Resté dans l'angle, derrière la porte, si bien qu'on l'apercevait à peine, le nouveau était un gars de la campagne, d'une quinzaine d'années environ, et plus haut de taille qu'aucun de nous tous. Il avait les cheveux coupés droit sur le front, comme un chantre de village, l'air raisonnable et fort embarrassé. Quoiqu'il ne fût pas large des épaules, son habit-veste de drap vert à boutons noirs devait le gêner aux entournures et laissait voir, par la fente des parements, des poignets rouges habitués à être nus. Ses jambes, en bas bleus, sortaient d'un pantalon jaunâtre très tiré par les bretelles. Il était chaussé de souliers forts, mal cirés, garnis de clous.
On commença la récitation des leçons. Il les écouta de toutes ses oreilles, attentif comme au sermon, n'osant même croiser les cuisses, ni s'appuyer sur le coude, et, à deux heures, quand la cloche sonna, le maître d'études fut obligé de l'avertir, pour qu'il se mît avec nous dans les rangs.
Nous avions l'habitude, en entrant en classe, de jeter nos casquettes par terre, afin d'avoir ensuite nos mains plus libres ; il fallait, dès le seuil de la porte, les lancer sous le banc, de façon à frapper contre la muraille en faisant beaucoup de poussière ; c'était là le genre.

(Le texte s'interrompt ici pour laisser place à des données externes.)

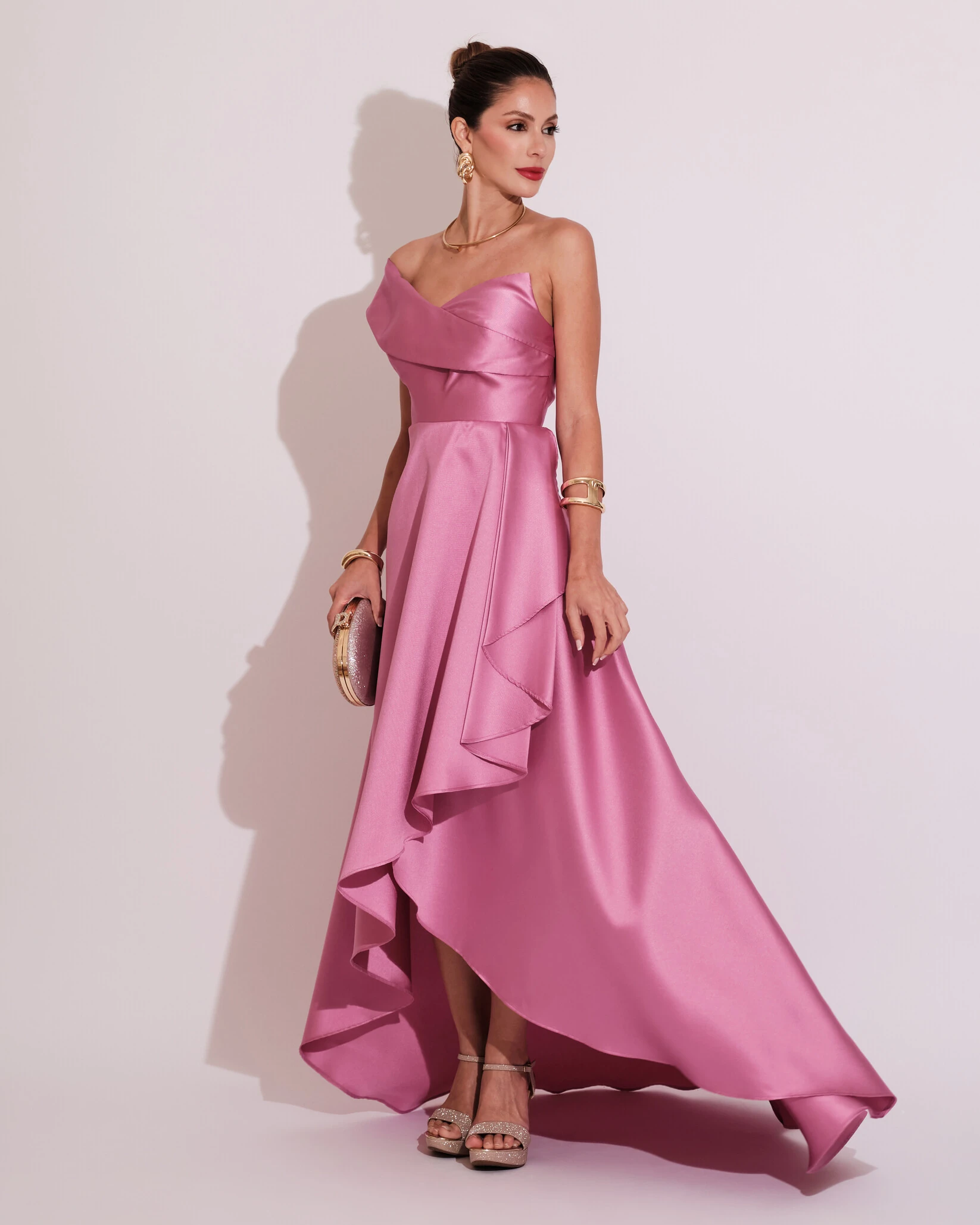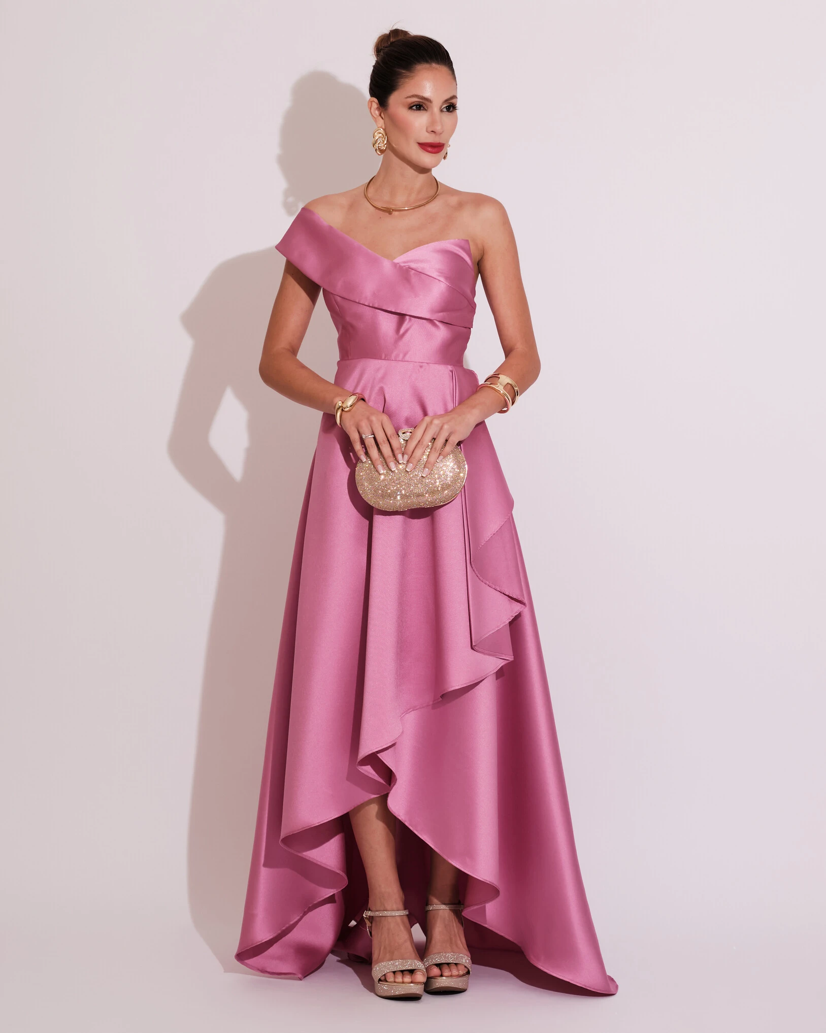 VESTIDO DE FESTA LONGO ZIBELINE UM OMBRO SÓ MULLET - Elegante e sofisticado, este vestido em zibeline um ombro só e saia assimétrica com camadas que garantem movimento e modernidade. Ideal para casamentos noturnos, formaturas ou eventos de gala, ele combina perfeitamente com sandálias de tiras finas, clutch metalizada e joias delicadas em dourado ou esmeralda, criando um visual refinado e cheio de presença.
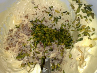 ( يمكن اضافة فستق مجروش و لوز او كاكاو بو دمعة الهرشي للكريمة حسب رغبتك )
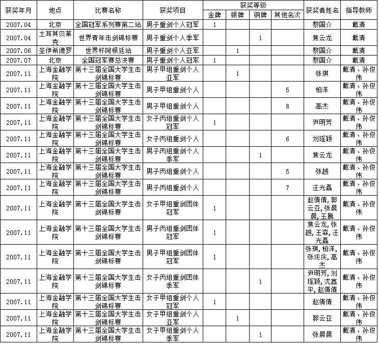 2007年合肥学院体育俱乐部改革指导学生获奖一览表
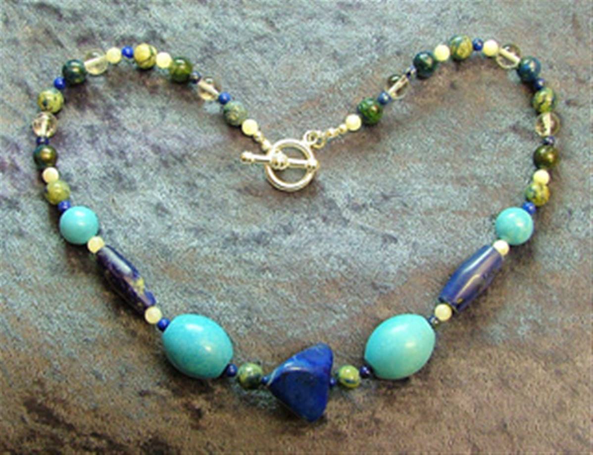 THIS NECKLACE FEATURES BEADS IN ANTIQUE LAPIS LAZULI, TURQUOISE, QUARTZ & MOTHER OF PEARL.
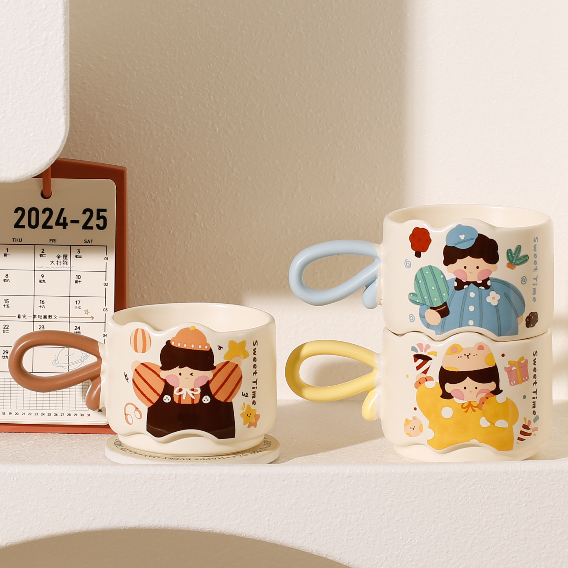 カップルセラミックミルク朝食コーヒーカップ高颜値漫画ins风お土产かわいいレリーフセラミックカップ
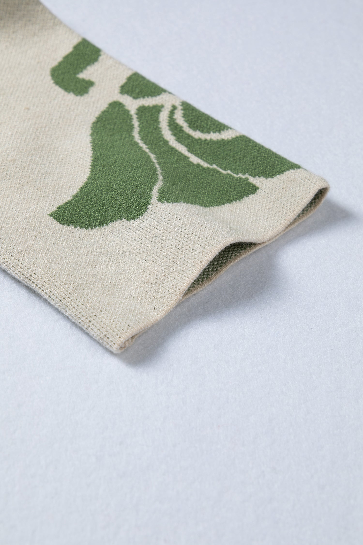 Bold Flower Pattern Wide Sleeve Baggy Sweater
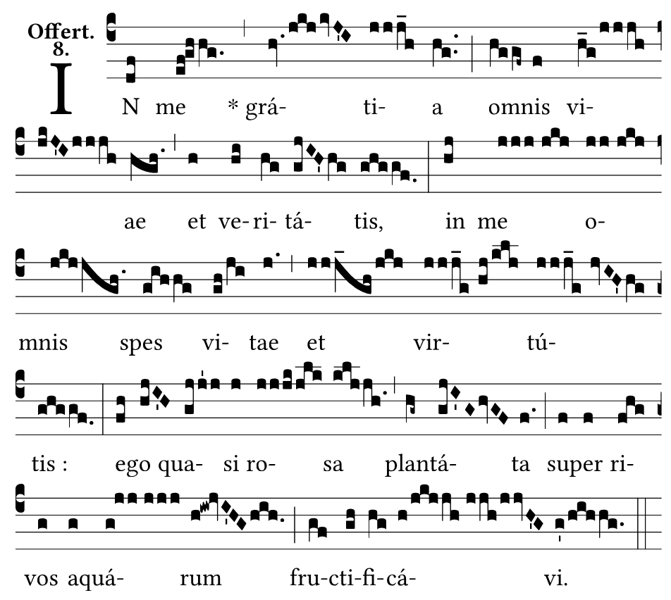La mélodie des première et deuxième phrases est tirée de la fête de la Purification, peut-être en raison du mot gratia, qui apparaît dans les deux Offertoires. Sur le plan du contenu, les deux textes sont également étroitement liés. Diffusa est semble être le thème développé dans l’Offertoire In me. Il nous dit en quoi consiste la plénitude des bénédictions qui ont été déversées sur Marie. L’adaptation de la mélodie est extrêmement ingénieuse. Sur le plan textuel, omnis dans la première phrase appartient au gratia précédent, tout comme dans la deuxième phrase, nous avons omnis spes. La mélodie, cependant, combinerait omnis et viae. Marie peut en effet dire d’elle-même : « En moi est toute la grâce de la vie », mais aussi : « En moi est la grâce d’une vie pleine, d’une vie entière ».
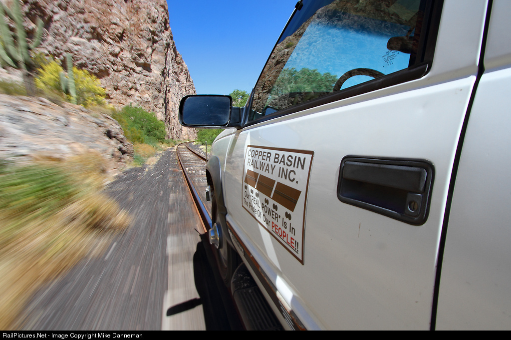 L.S. “Jake” Jacobson, President and Chief Operating Officer of Copper Basin Railway, inspects the main line to Florence and Magma between Price and Cochran, Arizona, using the company’s GMC Suburban hi-rail on April 21, 2017.
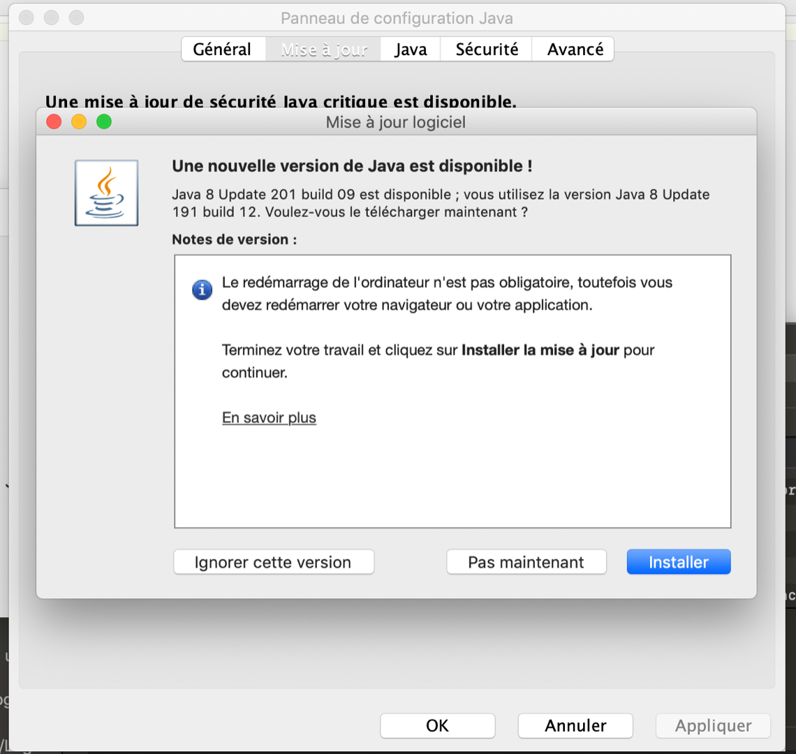 As I wanted to check everything, I have also updated the java version from Java 8 update 192 build 12 to Java 8 Update 201 Build 9.
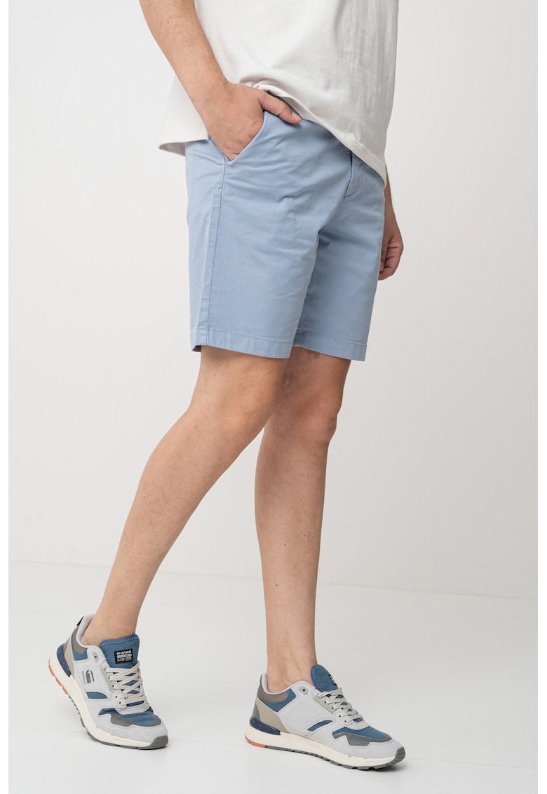 Caracteristici Culoare: albastru deschis Imprimeu: uni Material: bumbac Stil: casual Croiala: regular fit Talie: medie Lungime: scurti Sistem inchidere: fermoar Compozitie Exterior: 98% bumbac
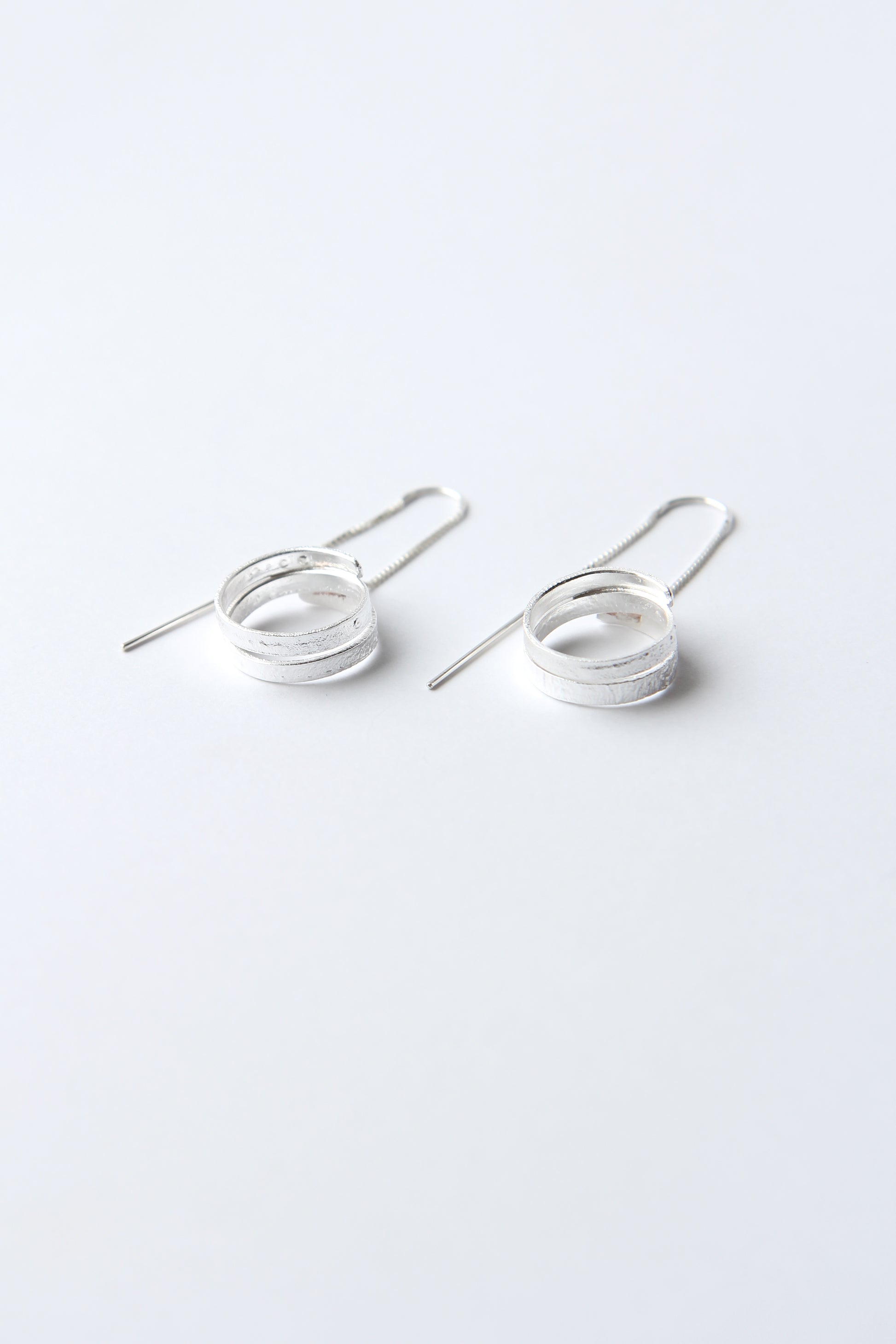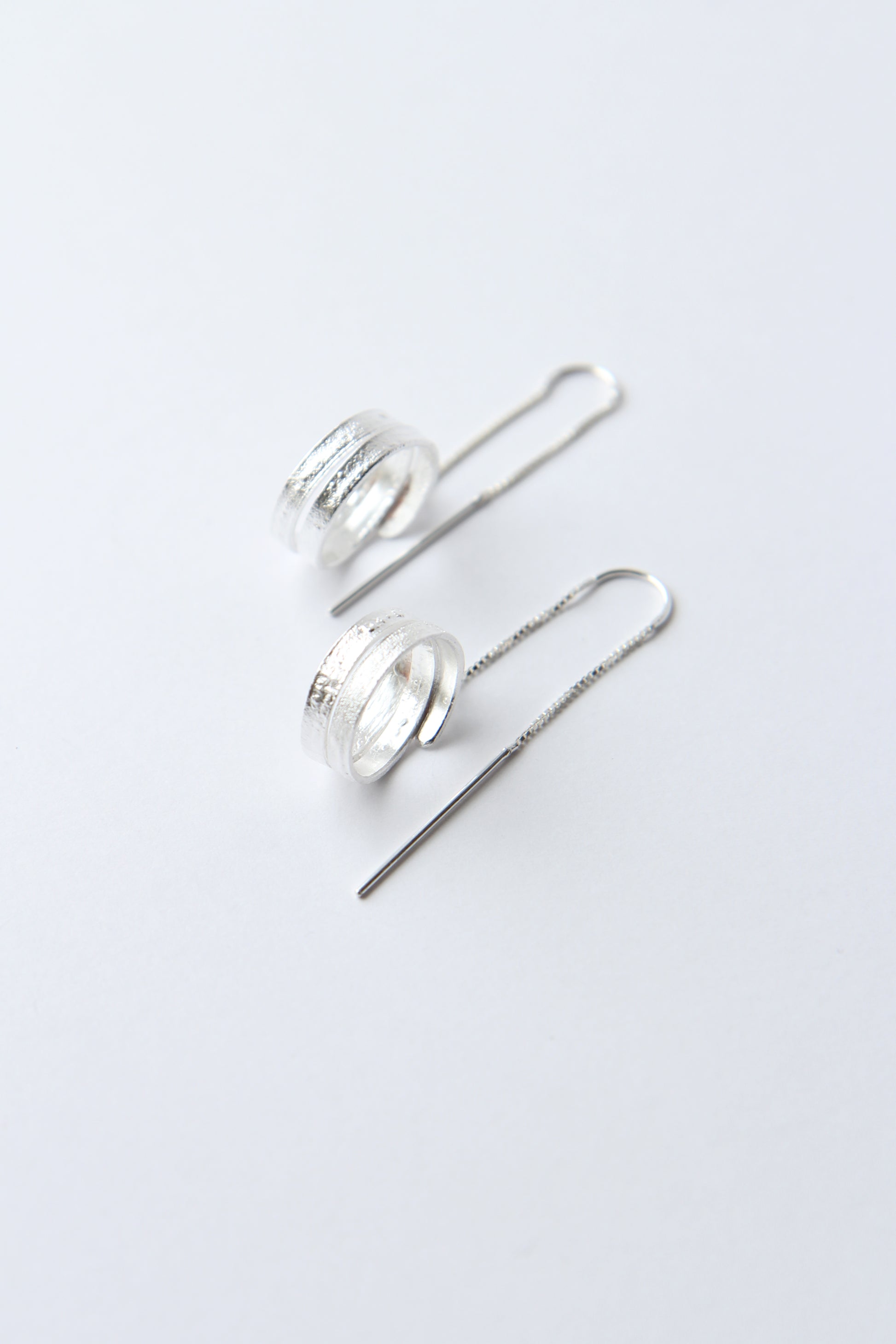 These one-of-a-kind, handmade earrings feature a beautiful, melted texture crafted from recycled silver, making them eco-friendly and unique. The lightweight design gently curves, creating an elegant silver ribbon effect that wraps gracefully for a sleek, modern look. Perfect for those who appreciate artisanal craftsmanship and sustainable accessories.
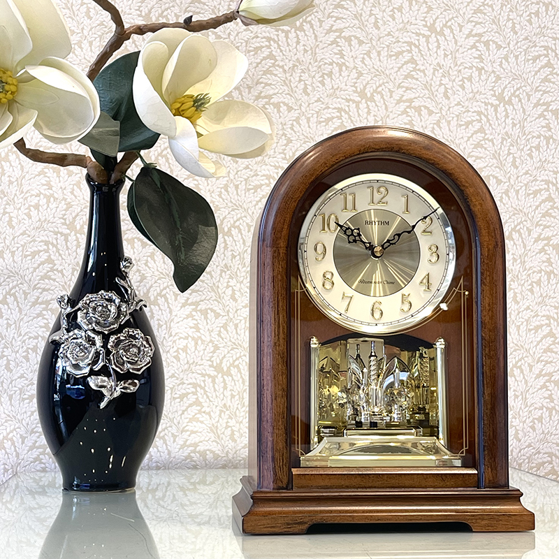 ✨Đồng hồ Để bàn Rhythm CRH240NR06 Kt 22.6 x 31.7 x 12.4cm, Vỏ gỗ. Dùng Pin.

Mais, soit qu'il n'eût pas remarqué cette manoeuvre ou qu'il n'eût osé s'y soumettre, la prière était finie que le nouveau tenait encore sa casquette sur ses deux genoux. C'était une de ces coiffures d'ordre composite, où l'on retrouve les éléments du bonnet à poil, du chapska, du chapeau rond, de la casquette de loutre et du bonnet de coton, une de ces pauvres choses, enfin, dont la laideur muette a des profondeurs d'expression comme le visage d'un imbécile. Ovoïde et renflée de baleines, elle commençait par trois boudins circulaires ; puis s'alternaient, séparés par une bande rouge, des losanges de velours et de poils de lapin ; venait ensuite une façon de sac qui se terminait par un polygone cartonné, couvert d'une broderie en soutache compliquée, et d'où pendait, au bout d'un long cordon trop mince, un petit croisillon de fils d'or, en manière de gland. Elle était neuve ; la visière brillait.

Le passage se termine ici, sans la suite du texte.